Они сидели бок о бок на бежевом диване в глубине кабинета. Над ними в рамке висела большая цветная фотография храма. Солнце ярко сверкало в серебре шпиля. Риз практически полностью соответствовал описанию, данному Фредом: незаметный, лысоватый, с изрядным брюшком. Для его благоверной прекрасной характеристикой служили слова Фреда «на грани вульгарности». Она была явно моложе мужа, хотя, конечно, уже и не дитя. Мне показалось, что платиновый цвет ее волос (нехватки которых не замечалось) несколько усилен при помощи искусственных средств. Но как бы то ни было, конечный результат меня вполне устраивал.
Сэм Риз с мрачной физиономией представил себя и ее. Карола одарила меня полуулыбкой.
— Со слов Барни я знаю, что вы желаете говорить со всеми по отдельности, — заявил Риз после того, как я, развернув немного кресло, уселся перед ними. — Но мы являемся командой и беседовать будем только вдвоем.

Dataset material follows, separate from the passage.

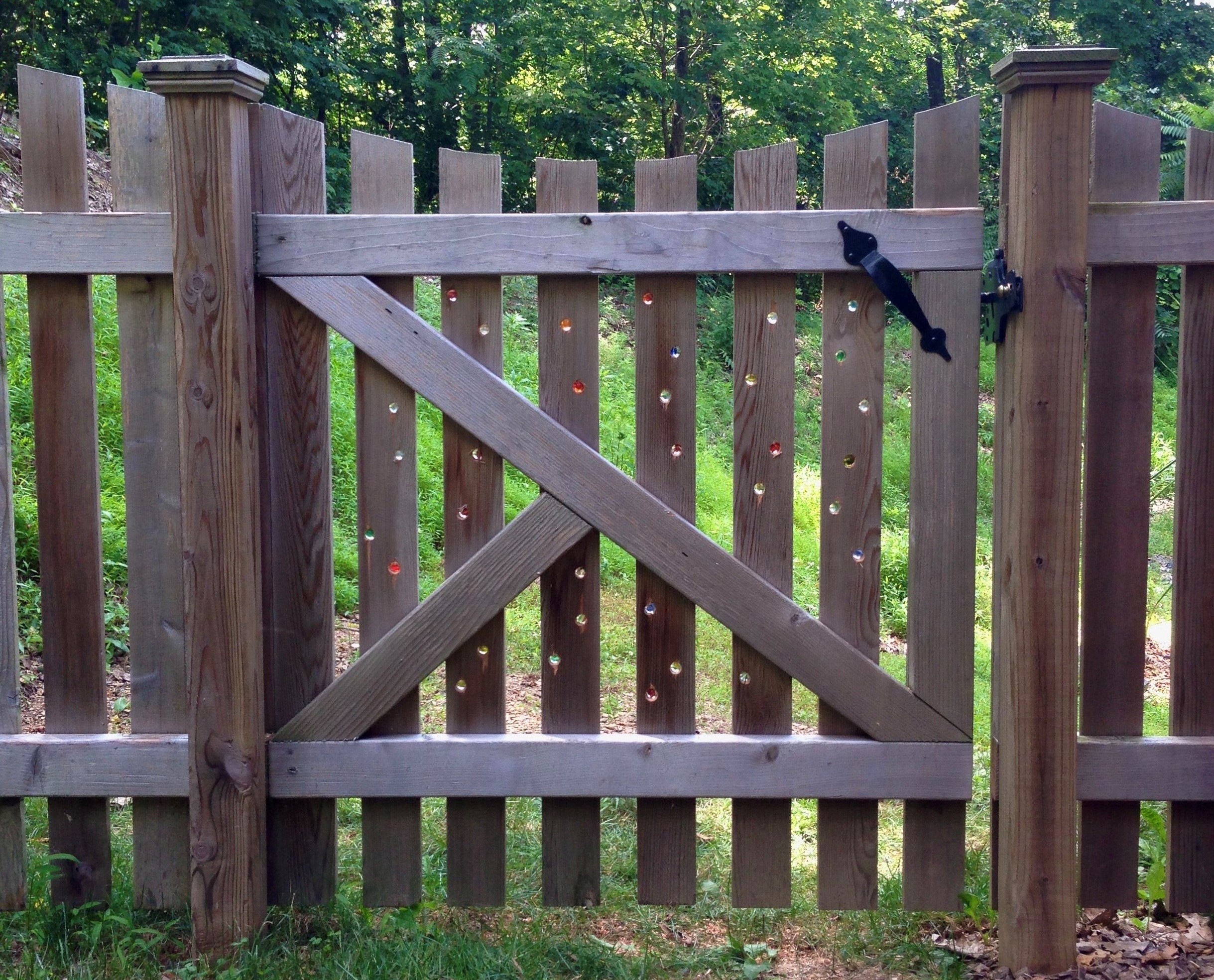 Custom fabricated steel framed wooden gate. Pickets are 1x6x6 cedar dog eared attached by welded plates. Privacy gate with Shadowbox fence at either side.

Его тон ясно давал понять, что места для спора не остается. Пришлось кивнуть в знак согласия, выдавив при этом подобие улыбки.
— Справедливо. Вам обоим известно, с какой целью я здесь, поэтому не будем ходить, как говорится, вокруг да около. Как вы относились к Ройялу Миду?
— Как прикажете понимать ваш вопрос? — выпалил Риз. — Как, по вашему мнению, мы могли к нему относиться, проработав вместе более десяти лет. Мы здесь связаны друг с другом очень тесно. Карола кивнула, что я воспринял как согласие со словами супруга. Однако по лицу дамы нельзя было понять, каковы ее подлинные чувства к Миду.
— Отлично. Ставлю вопрос еще более прямо: вам он нравился?
Риз вознамерился было вскочить, но Карола остановила этот порыв, положив ладонь на руку мужа.
— Послушайте, мистер Гудвин, — процедил он сквозь стиснутые зубы, — мы тратим время на вашу чушь только потому, что нас попросил об этом Барни. Я же, ей-богу, считаю ваши действия неприличными и недостойными.
— Похоже, что в этом заведении все разделяют вашу точку зрения, — ответил я. — Я способен понять вашу позицию. Но дело в том, что в тех кругах, в которых вращаюсь я, считают, что неприлично и недостойно обвинять в убийстве невиновного.
— Так вы действительно считаете, что ваш мистер Даркин не виноват? — воскликнула Карола Риз, одарив меня взглядом широко раскрытых зеленых глаз, в которых каждый желающий мог прочитать искренность и доверчивость.
— Да. Иначе бы меня здесь не было.
— Ха! — с насмешкой выпалил Риз. — Вы работаете на Ниро Вулфа, а это значит, что вы поступаете так, как он скажет, не считаясь с собственным мнением.
— Не угадали. Правда, я действительно работаю у мистера Вулфа, но я принадлежу и всегда принадлежал только себе. Если вам нужно подтверждение, я представлю вам массу свидетелей, и среди них самого мистера Вулфа.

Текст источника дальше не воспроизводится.